Results. Survival after HTx was 30,9 (3,9-46,2) months. All recipients were treated with triple-drug immunosuppressive therapy (calcineurin inhibitors, mycophenolic acid, steroids) and induction with Basiliximab. All patients experienced high sensitivity to immunosuppressive therapy (agranulocytosis), and therefore a colony-stimulating factor was administered to all of them. After immunosuppression reduction (Tacrolimus plus Methylprednisolone) agranulocytosis did not recur.

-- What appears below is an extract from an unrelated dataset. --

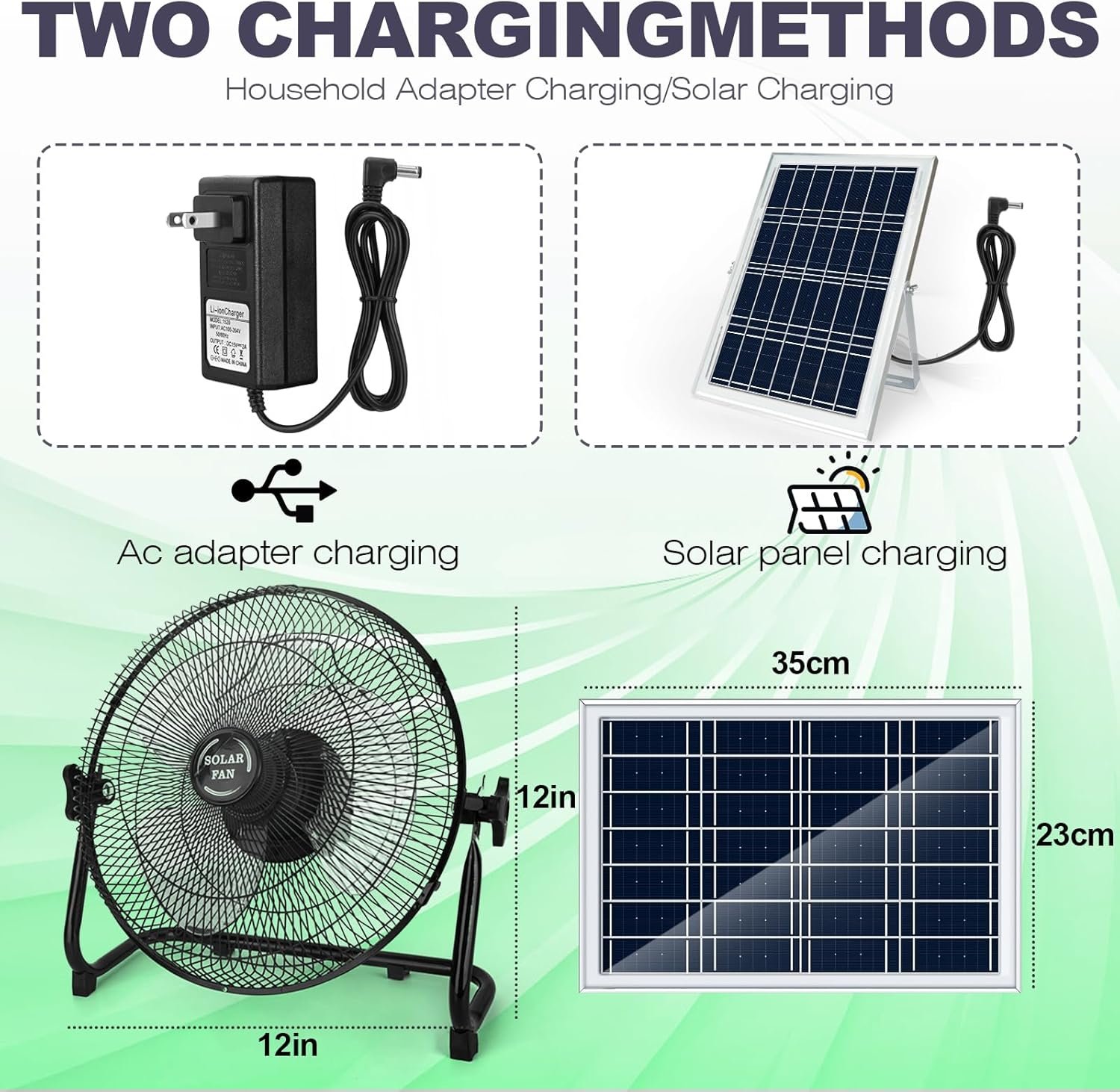 Rechargeable Fan: Enjoy unrivaled convenience with our innovative battery-powered fan with dual charging modes! Whether you prefer the reliability of traditional AC power or the eco-friendly benefits of solar power, our fan has you covered. Equipped with a AC adapter and an 20W solar panel, you can use solar energy to power your fan. Say goodbye to the hassle of outdoor charging and annoying electricity bills, as our fan is the perfect solution for indoor and outdoor activities alike

Conclusion. ARVD is a rare disease in the structure of end-stage heart failure in recipients in HTx WL. An examination of this pathology is necessary to manage patients on-time with surgical treatment (ICD, HTx). According to our results, causal variants in desmosome genes were determined in 1 from 4 patients and simultaneous presence of two unique genetic variants in the RKR2 gene were found in one. A special feature of post-HTx management was the development of agranulocytosis, which once again underlines the need for a personalized approach to the selection of the immunosuppressive therapy.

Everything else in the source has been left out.